PROBLEM STATEMENT —
Print the entries below word for word; the pictures stay out of your copy.
*** Opening DATA PROVIDED ***
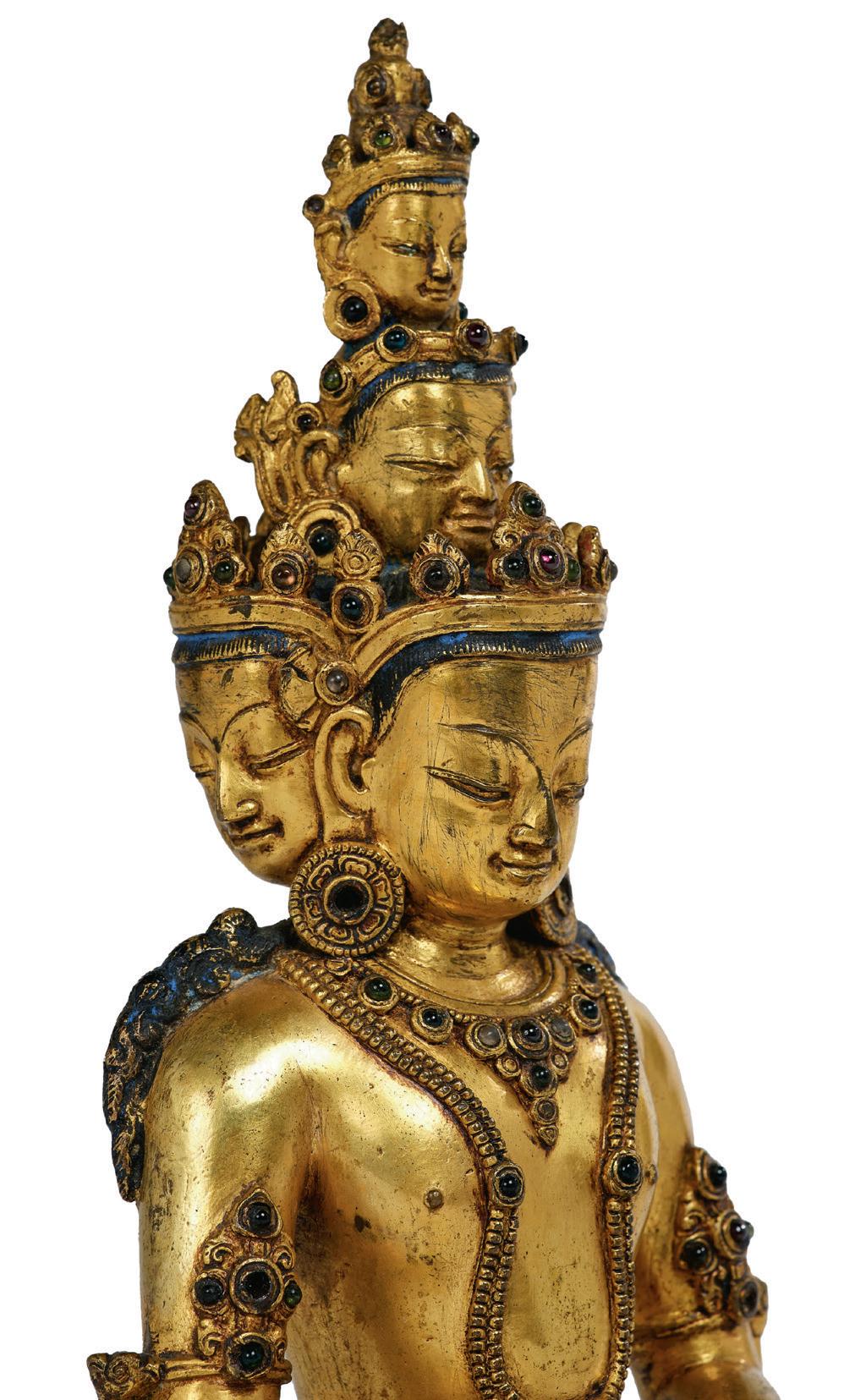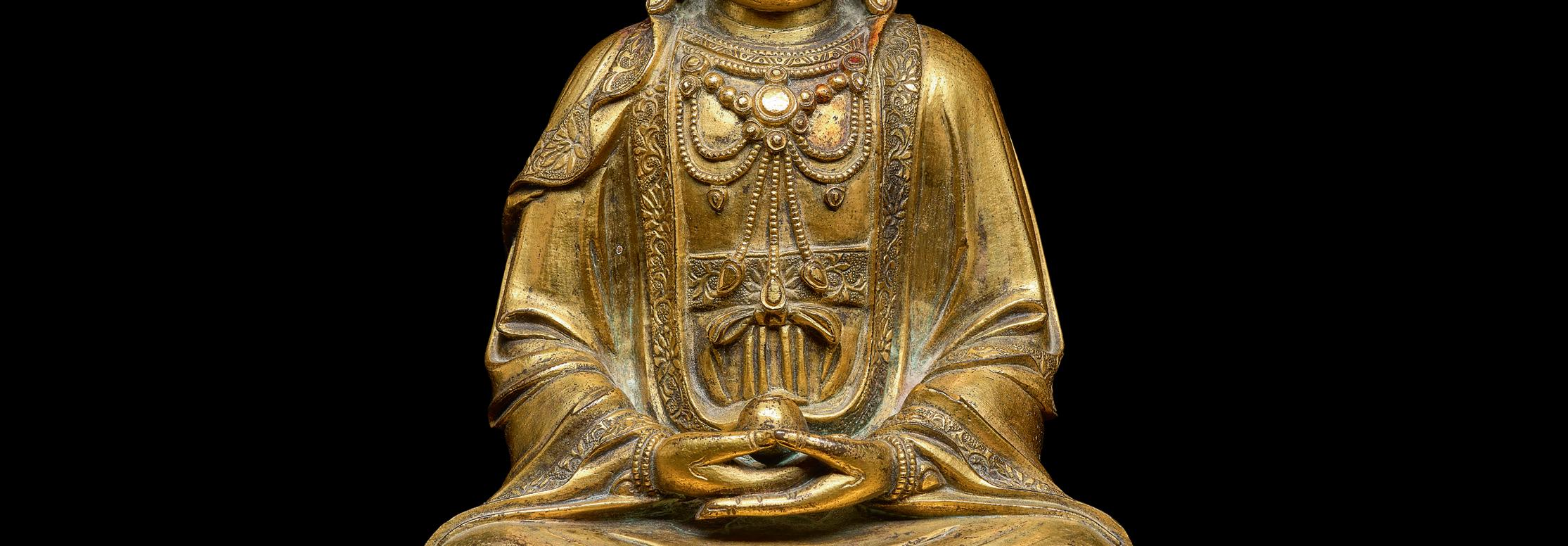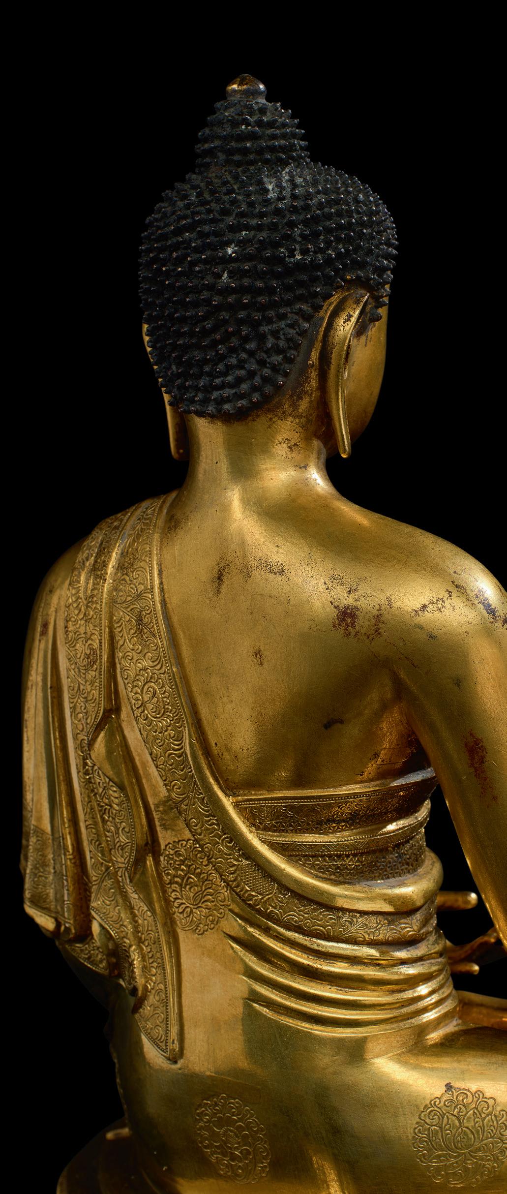 In this context, gilt-bronze statues of Buddhist deities proliferated in private palace chapels, imperial temples, and religious centres such as the Yonghegong in Beijing. Qing Buddhist bronzes are characterised by their highly refined style, often drawing upon 15 th -century Tibetan models while being adapted to the aesthetic preferences of the Manchu court. The bronzes vary in scale—from small devotional figures for private worship to monumental statues several metres high—but always adhere to standardised iconography and exhibit a luxurious finish.
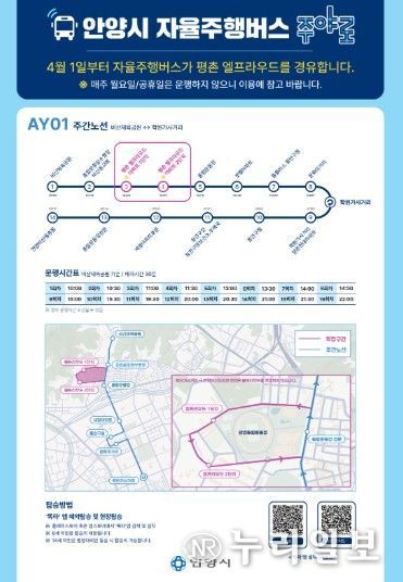 현재 무상으로 운영되는 '주야로'는 경기도 통합교통플랫폼 '똑타' 앱으로 사전 예약하거나, 정류장에서 별도의 예약 없이 바로 탑승할 수 있다. 포털 사이트 지도나 버스 정보 앱에서 노선 번호 'AY01'을 검색하면 실시간 버스 위치도 확인 가능하다.
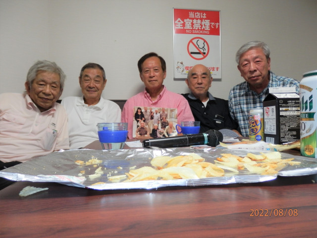 守口の「まねき猫」に5人集まり、追悼カラオケ大会を開催しました。
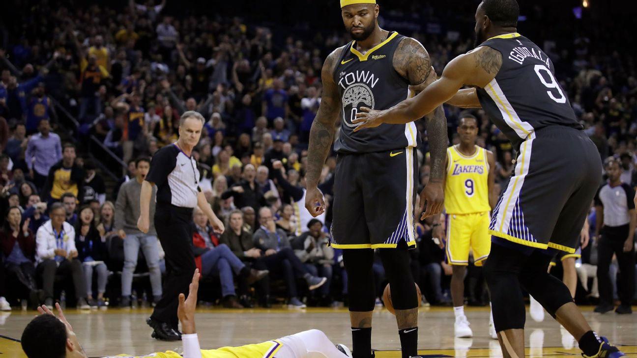 Then,DeMarcus Cousins, coming off a high pick and roll, took a pass from Kevin Durant and drove toward the rim. Kyle Kuzma slid over in an attempt to take a charge only to watch Cousins rise up and dunk on the Lakers forward with the foul, electrifying Oracle Arena and the Warriors.
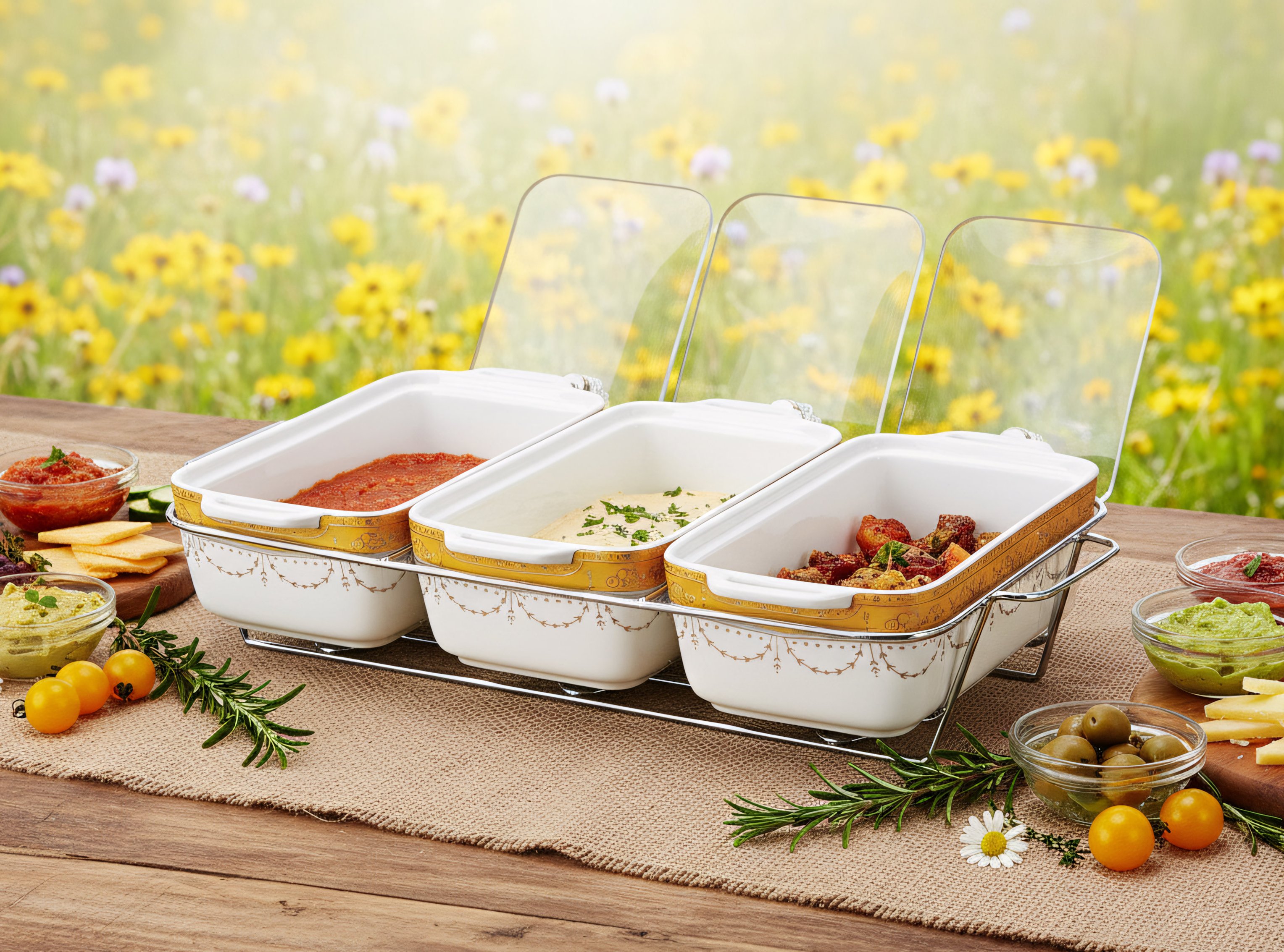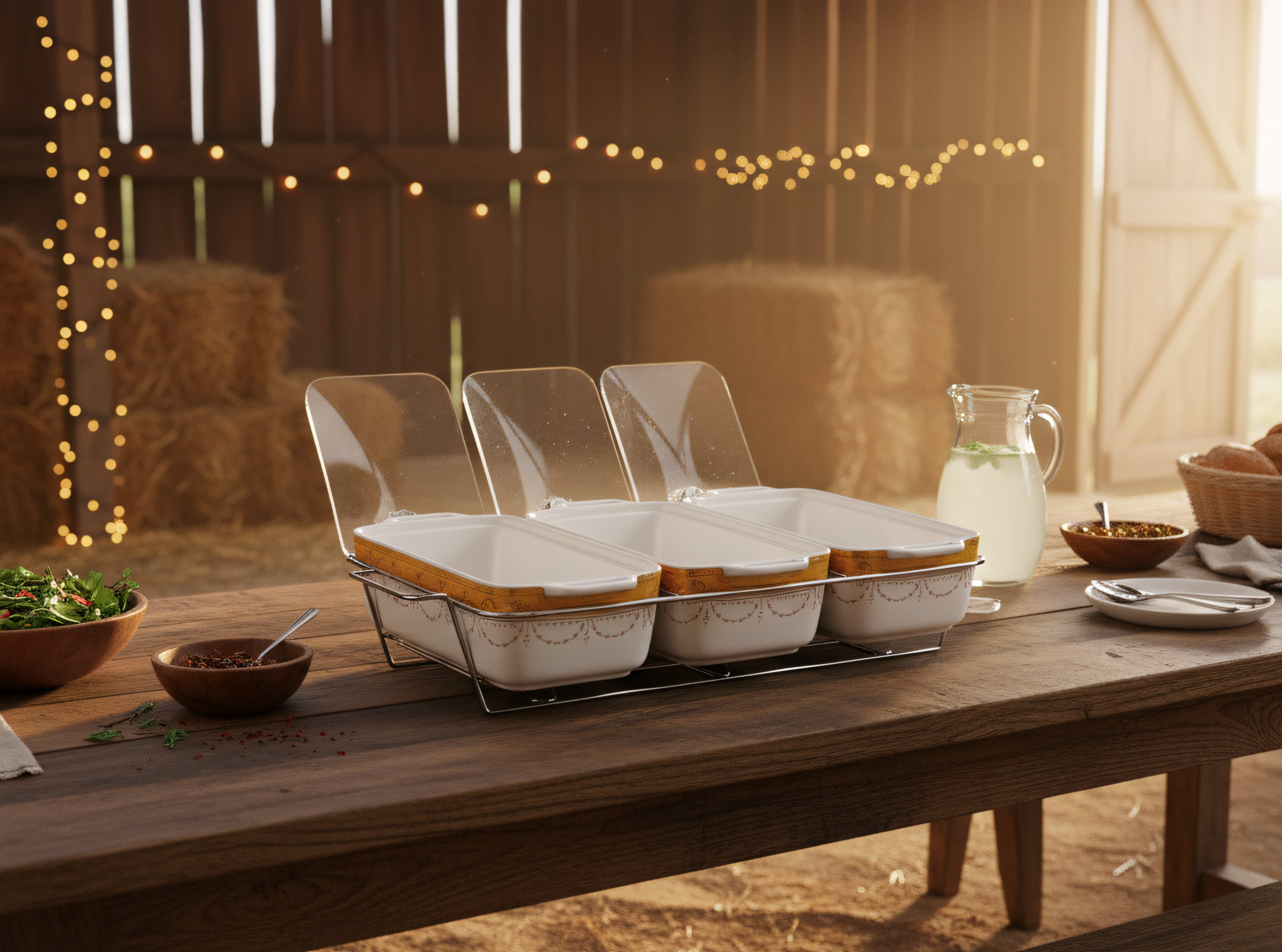 • Wadah saji terbuat dari bahan Porcelain berkapasitas besar (1.3L per wadah) sehingga cukup untuk menampung makanan dalam jumlah banyak.
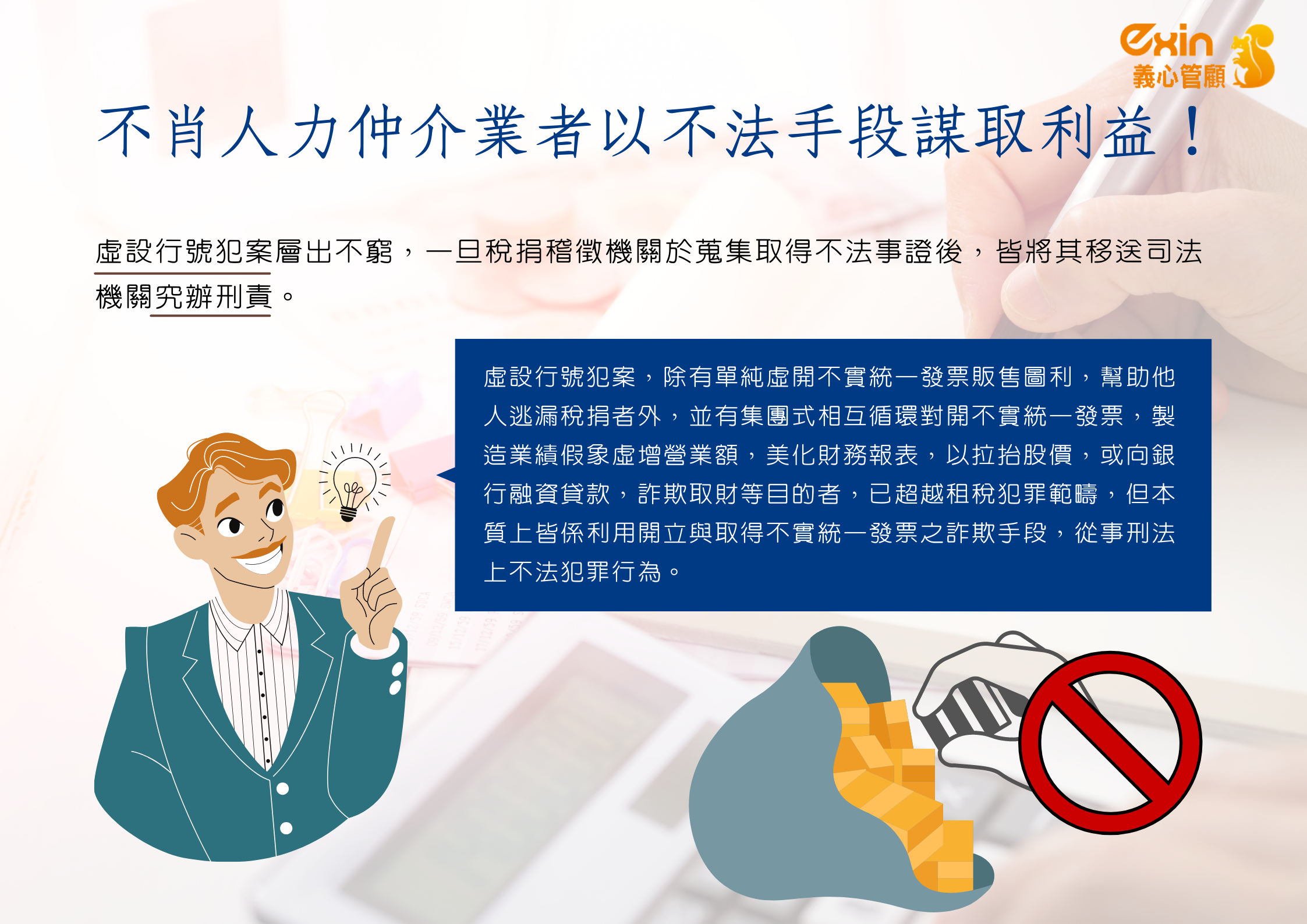 該局鄭重呼籲,民眾切勿因貪圖一時利益而以身觸法,不可利用虛設公司行號從事不法行為,以免觸犯詐欺、偽造文書、使公務人員登載不實、幫助逃漏稅捐等罪而受刑事之制裁。民眾如有任何疑問,可撥打免費服務電話0800-000321,該局將竭誠為您服務。
*** Closing DATA PROVIDED ***
OUTPUT FOR THIS TASK —
 In this context, gilt-bronze statues of Buddhist deities proliferated in private palace chapels, imperial temples, and religious centres such as the Yonghegong in Beijing. Qing Buddhist bronzes are characterised by their highly refined style, often drawing upon 15 th -century Tibetan models while being adapted to the aesthetic preferences of the Manchu court. The bronzes vary in scale—from small devotional figures for private worship to monumental statues several metres high—but always adhere to standardised iconography and exhibit a luxurious finish.
 현재 무상으로 운영되는 '주야로'는 경기도 통합교통플랫폼 '똑타' 앱으로 사전 예약하거나, 정류장에서 별도의 예약 없이 바로 탑승할 수 있다. 포털 사이트 지도나 버스 정보 앱에서 노선 번호 'AY01'을 검색하면 실시간 버스 위치도 확인 가능하다.
 守口の「まねき猫」に5人集まり、追悼カラオケ大会を開催しました。
 Then,DeMarcus Cousins, coming off a high pick and roll, took a pass from Kevin Durant and drove toward the rim. Kyle Kuzma slid over in an attempt to take a charge only to watch Cousins rise up and dunk on the Lakers forward with the foul, electrifying Oracle Arena and the Warriors.
 • Wadah saji terbuat dari bahan Porcelain berkapasitas besar (1.3L per wadah) sehingga cukup untuk menampung makanan dalam jumlah banyak.
 該局鄭重呼籲,民眾切勿因貪圖一時利益而以身觸法,不可利用虛設公司行號從事不法行為,以免觸犯詐欺、偽造文書、使公務人員登載不實、幫助逃漏稅捐等罪而受刑事之制裁。民眾如有任何疑問,可撥打免費服務電話0800-000321,該局將竭誠為您服務。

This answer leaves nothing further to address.